И Валька послушался – почему-то стало ясно, что Сабурский не передумал и не пытается оттянуть момент. Речь пойдет о чем-то действительно важном.
Устроившись в кресле и получив в руки свою любимую кружку, полную почти белого, но ароматного напитка, Илюшин в ожидании смотрел на то, как Саныч осторожно отхлебывает горькое черное пойло и щурится, глядя в пустоту. Валька не торопил его начинать разговор, и оказался прав – очень скоро ему стало не до кофе.
- Я уже рассказывал о лесопромышленном холдинге, с которым у меня не сложились отношения. Ты должен помнить – это их громилы оттянули тебя дубинкой по спине. И еще я тогда говорил, что это старая история. Так вот, я выиграл процесс против них не впервые. И в прошлый раз они в ответ украли моего сына, требуя передать им весь неиспользованный в деле компромат. Котьке тогда было восемь лет.
Валя осторожно, как во сне, отставил кружку.
- Обошлось, - тут же среагировал на этот жест Сабурский. – Но только потому, что его успели найти, пока я торговался с холдингом, явившись в их офис. Тянул время, утверждая, что ребенок не мой, и они попали пальцем в небо. И Михалыч успел. Повезло. Правда, на следующий день пришлось проститься с шевелюрой, чтобы не радовать сединами сволочей, - Саныч криво усмехнулся и перевел на Вальку тяжелый взгляд. – Потом я развелся с женой и отказался от встреч с сыном. И с тех пор у меня никого нет. Только случайные связи, но это редко. А в остальном – шлюхи. По вызову.
- И сколько сейчас твоему… Котьке? – Дыхания хватило только на шепот.
- Четырнадцать.
Илюшин долго молчал, потом стащил очки и с силой сжал переносицу.
- Чееерт, шесть лет! Ты шесть лет один…
- Ты не понял главного, Валя. Рядом со мной нет никого, потому что это опасно. Я жил так годы, я не хотел никем рисковать. И теперь не хочу.

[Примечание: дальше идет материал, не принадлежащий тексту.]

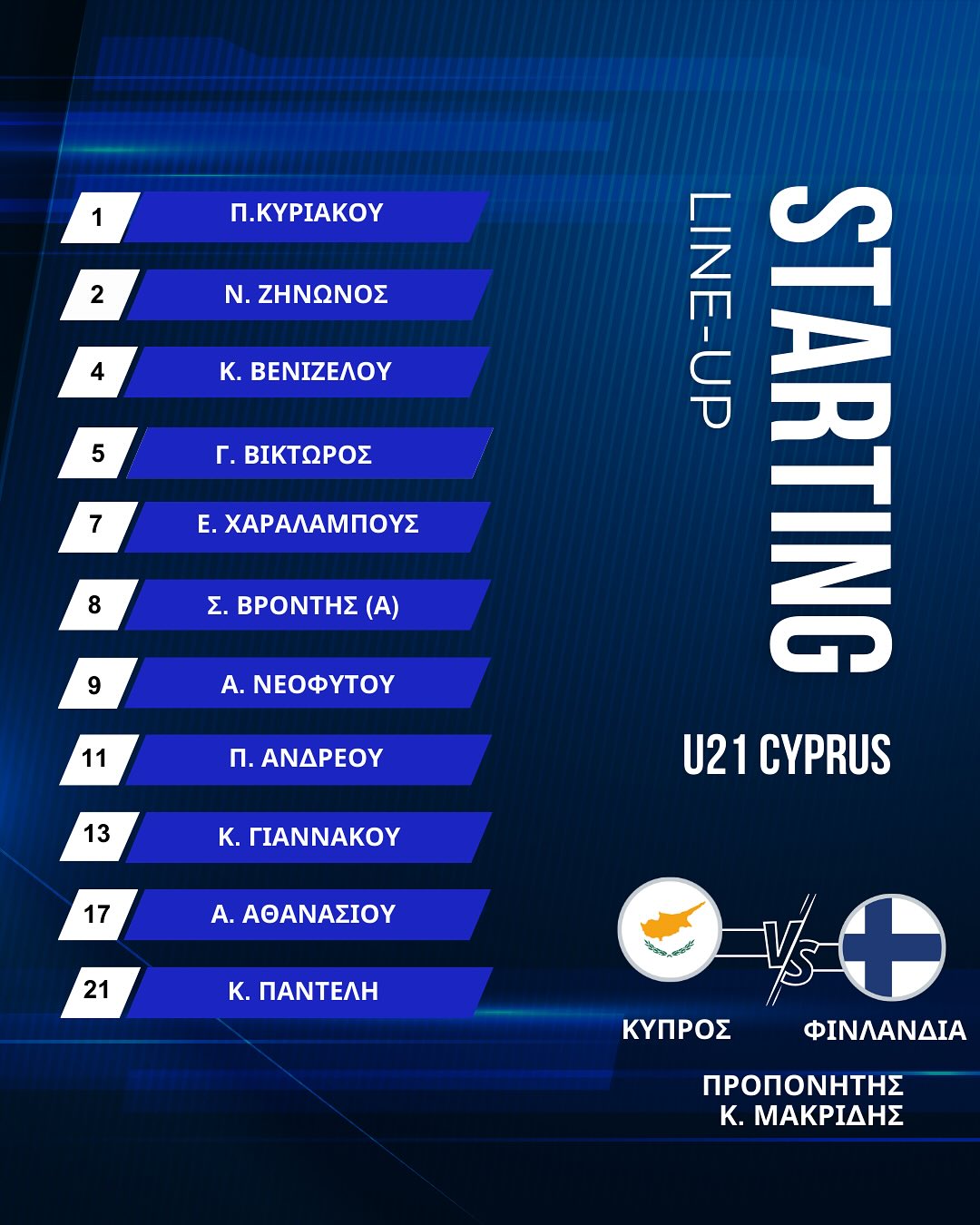 Η Εθνική Κύπρου Κ21 αντιμετωπίζει στις 19:00 την αντίστοιχη ομάδα της Φινλανδίας στο πλαίσιο της προκριματική φάσης του Ευρωπαϊκού Πρωταθλήματος Κ-21.

Валька медленно поднял голову.
- А с тобой… - Сабурский сбился с размеренного, спокойного тона. - Я как-то… о тебе так не думал. Да я вообще ни о чем не думал, понимаешь? Как отрезало… Будь ты женщиной, я бы быстро опомнился, а тут...
- Постой, – голос вышел хриплым, словно горло засыпал песок, - ты хочешь сказать, что… всё?

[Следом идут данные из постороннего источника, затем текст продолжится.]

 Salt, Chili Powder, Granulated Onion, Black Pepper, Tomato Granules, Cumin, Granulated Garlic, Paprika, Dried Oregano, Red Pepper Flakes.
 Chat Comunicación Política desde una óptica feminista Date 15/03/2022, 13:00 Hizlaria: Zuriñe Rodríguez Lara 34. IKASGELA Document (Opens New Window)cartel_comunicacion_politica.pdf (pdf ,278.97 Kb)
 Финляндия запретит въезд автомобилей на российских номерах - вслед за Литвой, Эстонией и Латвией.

- Нет! – в глазах Саныча мелькнул страх, но тут же сменился тоскливой обреченностью. - Я хочу сказать, что наши… отношения ставят тебя под возможный удар. До меня, наконец, это дошло. Сегодня. Прости, что так поздно.
- И что с того? – теперь удалось ответить четче и ровнее, только интонация получилась вызывающей.
- Ты должен об этом знать. Возможно, ты захочешь… остановиться.
- А-а. То есть ты считаешь, что я смогу тебе сказать: спасибо, было классно, и будь здоров? Серьезно?
Сан Саныч покачал головой.
- На самом деле нет. Не думаю. Но благородство может тебе дорого обойтись, так что если ты передумаешь, Валя, я не…
- Слушай, а почему решать должен я? – перебил Илюшин, стараясь сдержаться. - Ты же ушел от жены, так выстави и меня, и нет проблемы. Я пойму. Ты не хочешь мной рисковать.
- Ну-у, Ирина не очень расстроилась, - как-то отстраненно протянул Саныч, и Валька все же вскипел:
- Правильно, а я расстроюсь! Так причем тут благородство? Ты сам-то хочешь останавливаться?
Сабурский резко поднялся из кресла, отошел к окну.
- Нет, не хочу.
- Так о чем мы говорим, черт возьми?
Зачем Валя подскочил к нему, он и сам до конца не понял: то ли обнять, то ли схватить за грудки и встряхнуть. Но вышло наоборот – Саныч быстро обернулся и вцепился мертвой хваткой, уткнулся лицом в шею, почти зашептал, касаясь горячими губами:
- Я не хочу останавливаться, Валька. И не хочу, и не могу… И чувствую себя от этого последней скотиной, - шумный, отчаянный выдох опалил кожу, неожиданно отозвался болезненной волной в груди. Спустя несколько мгновений Сабурский порывисто отстранился, удерживая за плечи и глядя в глаза чуть плывущим взглядом. - И говорим мы вот о чем: если ситуация осложнится хоть сколько-то, если возникнет хотя бы тень угрозы, мы расходимся, сразу. Совсем, без споров и обсуждений - это единственное, что я сумел придумать. Обещай мне это.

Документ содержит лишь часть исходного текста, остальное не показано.